WASHINGTON – The White House will not relinquish its claim to a portion of the states’ $246 billion tobacco settlement unless the states agree to use the money for public health and anti-smoking programs.
Maryland officials chafed at that restriction Thursday, even though Gov. Parris Glendening has already said he plans to use the state’s share of the settlement for the programs envisioned by the White House.
“We believe the state of Maryland is entitled to every penny earned in the settlement without any strings attached,” said Assistant Attorney General Maureen M. Dove, the deputy chief of litigation for tobacco deals.
Maryland is scheduled to get $4.4 billion of the tobacco settlement. But the federal Health Care Financing Administration has said that, since it pays for about half of Medicaid costs for the states, it should get about half of the settlement that the states won for tobacco-related health-care costs.
Bills pending in the House and Senate would reserve settlement funds exclusively for the states.
The Senate bill has 28 co-sponsors — Maryland Sens. Barbara Mikulski, D-Baltimore, and Paul Sarbanes, D-Baltimore, are not among them. The companion House bill has 32 co- sponsors, including Rep. Elijah Cummings, D- Baltimore.
The White House announcement Wednesday came in response to those bills. The administration said it will oppose any bill that does not specify that settlement funds must be used to help tobacco farmers and for public health, including preventing teen smoking and assisting children.
Officials at HCFA said that they hope to resolve their claim to the settlement funds by working with the states and Congress on legislation that would mandate how the funds are used.
Despite that claim, however, the Clinton administration has already included $18.9 billion from the tobacco settlements in its five-year federal budget projection.
“It’s in the budget because we’re obliged to make the claim … in the absence of any alternative measure,” said Barry Toiv, a White House spokesman.
Toiv said legislation could relieve HCFA of its obligation to recoup the money, and that, if a satisfactory agreement is reached, the White House may adjust its budget accordingly.
Glendening did not include settlement money in his fiscal 2000 budget, but he has said that he wants to use it for programs to reduce smoking, help children, fund cancer research and help state tobacco farmers.

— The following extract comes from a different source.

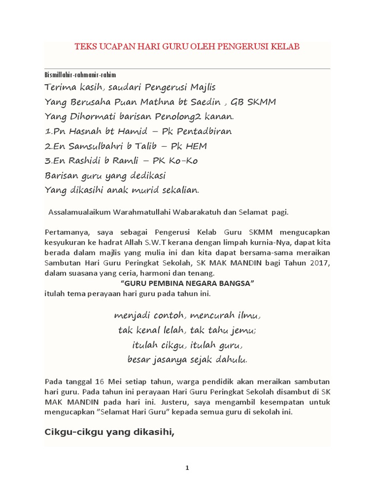 Teks Ucapan Ketua Murid Hari Guru 2017 from imgv2-1-f.scribdassets.com Jangan pernah lelah menjadi pelita bagi negeri ini. Peringatan hari guru nasional tidak bisa dilakukan seperti biasanya karena krisis pandemi. Semoga semua guru menjiwai profesyen perguruan, istiqamah mendidik dengan hati yang murni dan ikhlas dalam beramal membangun selamat hari guru. Guru merupakan salah satu orang yang paling berjasa untuk memajukan kehidupan bangsa, khususnya. Video penuh hari guru 2017, smk sagil tangkak. Majlis penutupan bulan kemerdekaan malaysia. Sk kampung kuala pajam, beranang, selangor darul ehsan. Pengumuman tarikh pembukaan semula sekolah_.

Glendening spokesman Don Vandrey said the state expects to get its full share, regardless of what it ultimately does with the money and despite what the White House may be planning.
“If they (White House officials) feel they can put it in the budget, that’s their decision on the federal level,” Vandrey said. “I’m not so sure the issue is settled.”
Supporters of the states say HCFA’s claim that it should be reimbursed for Medicaid costs is weak. They say that most states – including Maryland — sued the tobacco companies for more than Medicaid costs, and there is no way to distinguish Medicaid reimbursement from the total settlement.
They also say that the federal government should not receive any of the settlement, since it did not participate in the states’ suits and since the Justice Department is now pursuing its own legal action against the tobacco industry.